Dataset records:

+-------+

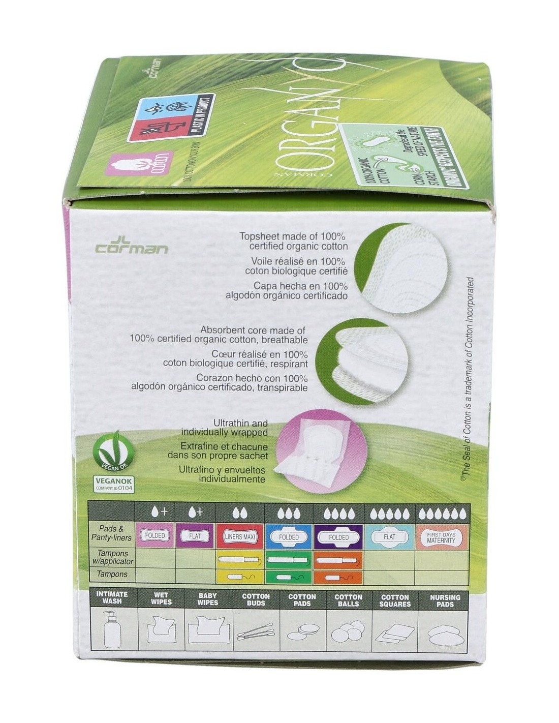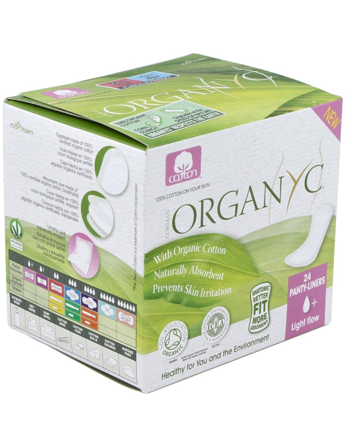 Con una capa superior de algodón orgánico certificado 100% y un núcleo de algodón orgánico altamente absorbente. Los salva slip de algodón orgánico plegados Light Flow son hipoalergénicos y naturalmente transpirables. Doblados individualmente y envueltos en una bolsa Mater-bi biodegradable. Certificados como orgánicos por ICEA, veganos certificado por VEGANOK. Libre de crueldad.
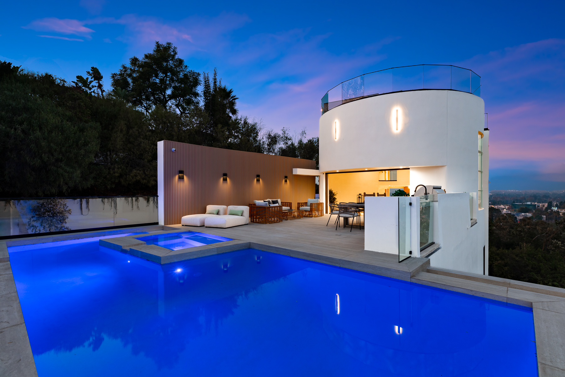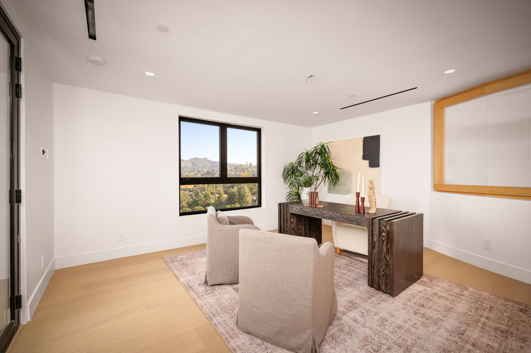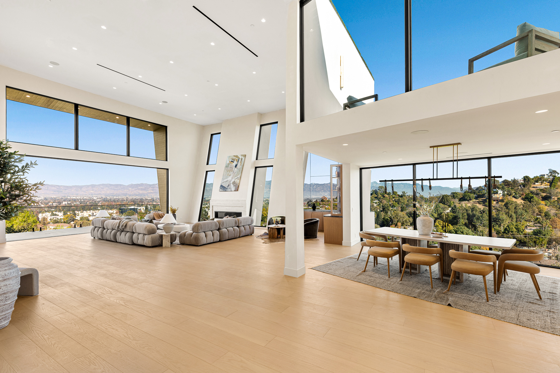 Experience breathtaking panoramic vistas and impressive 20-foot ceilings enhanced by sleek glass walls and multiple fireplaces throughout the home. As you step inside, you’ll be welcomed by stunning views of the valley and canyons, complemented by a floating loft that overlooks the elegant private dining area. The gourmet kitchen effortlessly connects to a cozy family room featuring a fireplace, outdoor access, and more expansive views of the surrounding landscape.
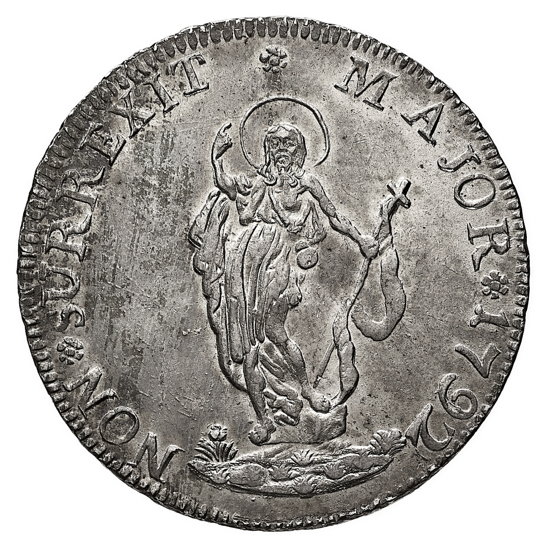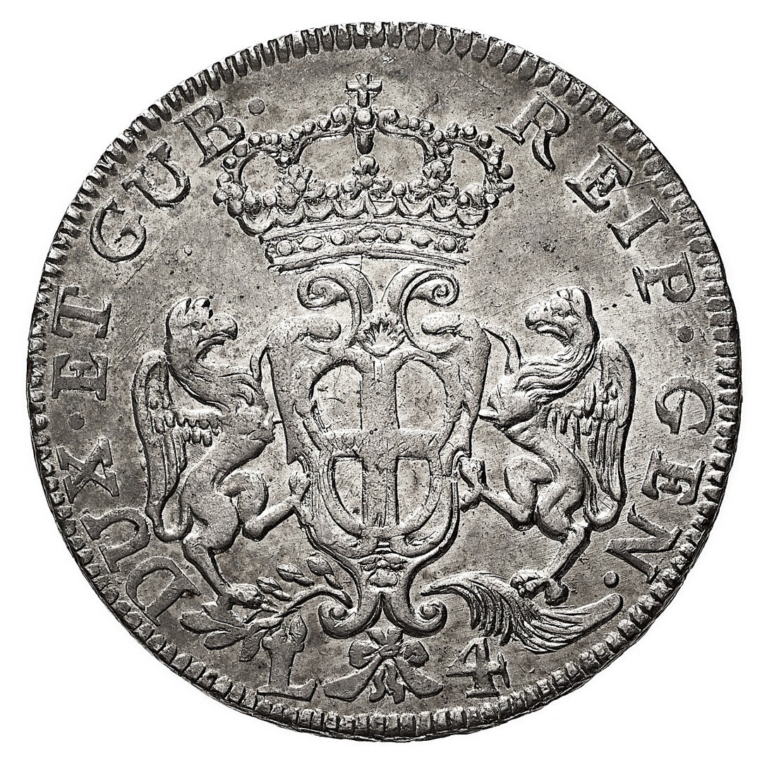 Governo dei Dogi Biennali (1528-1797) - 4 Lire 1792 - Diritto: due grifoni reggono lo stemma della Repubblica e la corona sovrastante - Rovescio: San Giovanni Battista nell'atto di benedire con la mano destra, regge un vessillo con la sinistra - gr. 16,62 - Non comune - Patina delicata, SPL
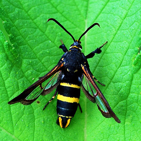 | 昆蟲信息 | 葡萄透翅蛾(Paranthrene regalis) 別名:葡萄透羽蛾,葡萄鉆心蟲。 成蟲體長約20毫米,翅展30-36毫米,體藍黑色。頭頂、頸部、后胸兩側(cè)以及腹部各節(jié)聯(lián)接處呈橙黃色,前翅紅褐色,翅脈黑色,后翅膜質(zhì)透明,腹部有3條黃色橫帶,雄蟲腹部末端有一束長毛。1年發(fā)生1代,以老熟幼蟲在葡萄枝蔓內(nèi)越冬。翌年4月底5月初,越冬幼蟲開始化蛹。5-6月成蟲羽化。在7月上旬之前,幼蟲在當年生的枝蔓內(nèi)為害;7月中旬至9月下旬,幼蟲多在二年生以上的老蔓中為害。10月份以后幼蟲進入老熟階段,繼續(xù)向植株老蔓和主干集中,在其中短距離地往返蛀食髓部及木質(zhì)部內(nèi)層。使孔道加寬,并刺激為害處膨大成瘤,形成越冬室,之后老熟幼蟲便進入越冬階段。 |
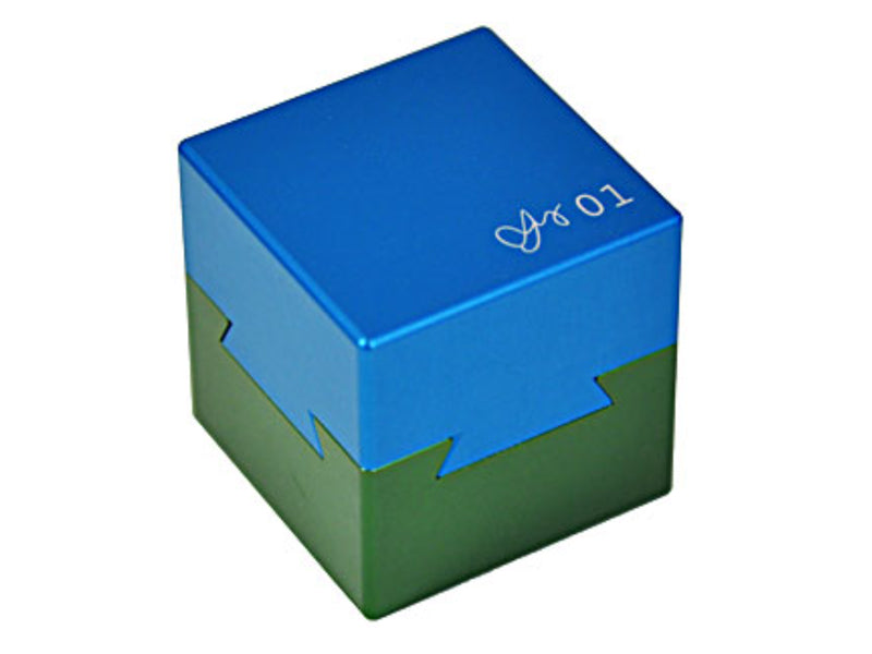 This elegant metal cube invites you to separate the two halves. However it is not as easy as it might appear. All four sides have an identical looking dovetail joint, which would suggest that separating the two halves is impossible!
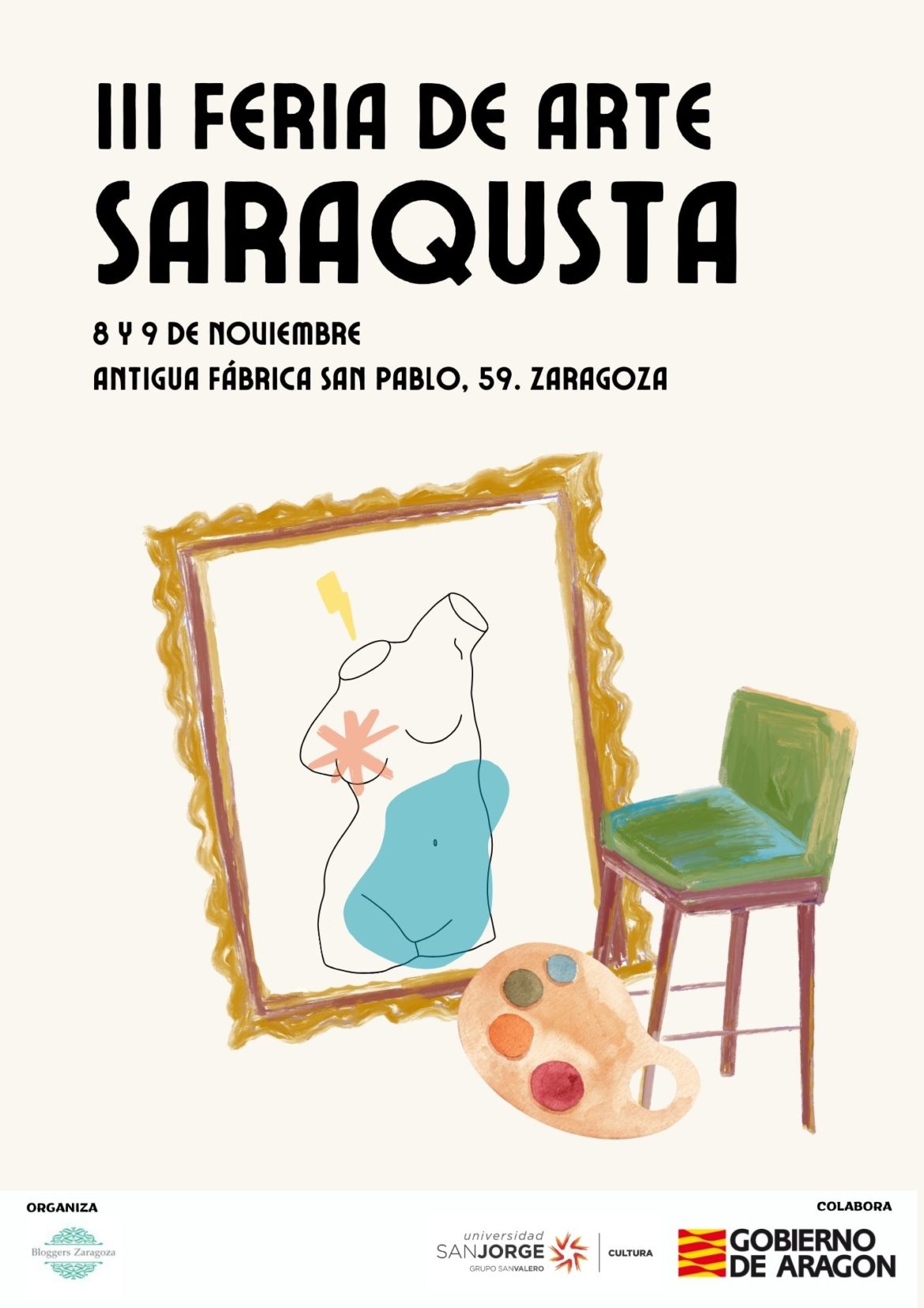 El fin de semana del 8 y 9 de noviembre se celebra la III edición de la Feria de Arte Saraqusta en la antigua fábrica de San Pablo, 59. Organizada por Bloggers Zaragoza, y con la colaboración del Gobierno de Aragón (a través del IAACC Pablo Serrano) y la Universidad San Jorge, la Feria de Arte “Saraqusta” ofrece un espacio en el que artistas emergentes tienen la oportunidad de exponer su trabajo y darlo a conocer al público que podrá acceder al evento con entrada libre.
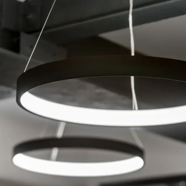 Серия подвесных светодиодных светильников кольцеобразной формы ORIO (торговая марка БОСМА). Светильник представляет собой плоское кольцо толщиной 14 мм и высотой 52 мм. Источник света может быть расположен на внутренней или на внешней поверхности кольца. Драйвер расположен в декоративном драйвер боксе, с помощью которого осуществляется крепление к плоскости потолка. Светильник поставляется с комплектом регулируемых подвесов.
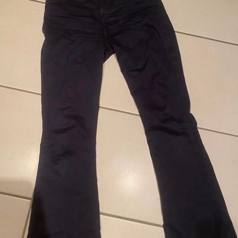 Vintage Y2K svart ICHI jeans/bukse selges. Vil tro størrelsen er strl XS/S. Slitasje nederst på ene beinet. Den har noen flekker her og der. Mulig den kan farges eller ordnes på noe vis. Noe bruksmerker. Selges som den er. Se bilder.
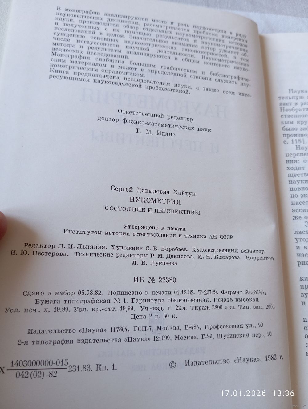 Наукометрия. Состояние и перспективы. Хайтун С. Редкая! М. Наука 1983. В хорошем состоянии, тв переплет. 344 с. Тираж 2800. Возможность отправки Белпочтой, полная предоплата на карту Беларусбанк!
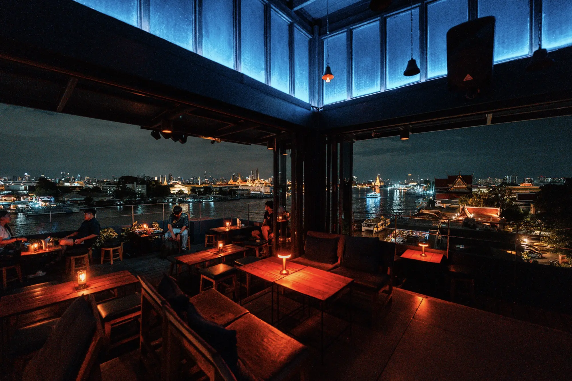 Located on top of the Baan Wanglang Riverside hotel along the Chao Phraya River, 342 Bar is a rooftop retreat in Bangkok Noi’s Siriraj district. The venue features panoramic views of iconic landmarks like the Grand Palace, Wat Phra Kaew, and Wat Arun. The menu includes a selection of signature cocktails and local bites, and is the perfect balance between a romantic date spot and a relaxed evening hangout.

+-------+

Exactly as they appear above, write out all the entries, but not the images.

 Con una capa superior de algodón orgánico certificado 100% y un núcleo de algodón orgánico altamente absorbente. Los salva slip de algodón orgánico plegados Light Flow son hipoalergénicos y naturalmente transpirables. Doblados individualmente y envueltos en una bolsa Mater-bi biodegradable. Certificados como orgánicos por ICEA, veganos certificado por VEGANOK. Libre de crueldad.
 Experience breathtaking panoramic vistas and impressive 20-foot ceilings enhanced by sleek glass walls and multiple fireplaces throughout the home. As you step inside, you’ll be welcomed by stunning views of the valley and canyons, complemented by a floating loft that overlooks the elegant private dining area. The gourmet kitchen effortlessly connects to a cozy family room featuring a fireplace, outdoor access, and more expansive views of the surrounding landscape.
 Governo dei Dogi Biennali (1528-1797) - 4 Lire 1792 - Diritto: due grifoni reggono lo stemma della Repubblica e la corona sovrastante - Rovescio: San Giovanni Battista nell'atto di benedire con la mano destra, regge un vessillo con la sinistra - gr. 16,62 - Non comune - Patina delicata, SPL
 | 昆蟲信息 | 葡萄透翅蛾(Paranthrene regalis) 別名:葡萄透羽蛾,葡萄鉆心蟲。 成蟲體長約20毫米,翅展30-36毫米,體藍黑色。頭頂、頸部、后胸兩側(cè)以及腹部各節(jié)聯(lián)接處呈橙黃色,前翅紅褐色,翅脈黑色,后翅膜質(zhì)透明,腹部有3條黃色橫帶,雄蟲腹部末端有一束長毛。1年發(fā)生1代,以老熟幼蟲在葡萄枝蔓內(nèi)越冬。翌年4月底5月初,越冬幼蟲開始化蛹。5-6月成蟲羽化。在7月上旬之前,幼蟲在當年生的枝蔓內(nèi)為害;7月中旬至9月下旬,幼蟲多在二年生以上的老蔓中為害。10月份以后幼蟲進入老熟階段,繼續(xù)向植株老蔓和主干集中,在其中短距離地往返蛀食髓部及木質(zhì)部內(nèi)層。使孔道加寬,并刺激為害處膨大成瘤,形成越冬室,之后老熟幼蟲便進入越冬階段。 |
 This elegant metal cube invites you to separate the two halves. However it is not as easy as it might appear. All four sides have an identical looking dovetail joint, which would suggest that separating the two halves is impossible!
 El fin de semana del 8 y 9 de noviembre se celebra la III edición de la Feria de Arte Saraqusta en la antigua fábrica de San Pablo, 59. Organizada por Bloggers Zaragoza, y con la colaboración del Gobierno de Aragón (a través del IAACC Pablo Serrano) y la Universidad San Jorge, la Feria de Arte “Saraqusta” ofrece un espacio en el que artistas emergentes tienen la oportunidad de exponer su trabajo y darlo a conocer al público que podrá acceder al evento con entrada libre.
 Серия подвесных светодиодных светильников кольцеобразной формы ORIO (торговая марка БОСМА). Светильник представляет собой плоское кольцо толщиной 14 мм и высотой 52 мм. Источник света может быть расположен на внутренней или на внешней поверхности кольца. Драйвер расположен в декоративном драйвер боксе, с помощью которого осуществляется крепление к плоскости потолка. Светильник поставляется с комплектом регулируемых подвесов.
 Vintage Y2K svart ICHI jeans/bukse selges. Vil tro størrelsen er strl XS/S. Slitasje nederst på ene beinet. Den har noen flekker her og der. Mulig den kan farges eller ordnes på noe vis. Noe bruksmerker. Selges som den er. Se bilder.
 Наукометрия. Состояние и перспективы. Хайтун С. Редкая! М. Наука 1983. В хорошем состоянии, тв переплет. 344 с. Тираж 2800. Возможность отправки Белпочтой, полная предоплата на карту Беларусбанк!
 Located on top of the Baan Wanglang Riverside hotel along the Chao Phraya River, 342 Bar is a rooftop retreat in Bangkok Noi’s Siriraj district. The venue features panoramic views of iconic landmarks like the Grand Palace, Wat Phra Kaew, and Wat Arun. The menu includes a selection of signature cocktails and local bites, and is the perfect balance between a romantic date spot and a relaxed evening hangout.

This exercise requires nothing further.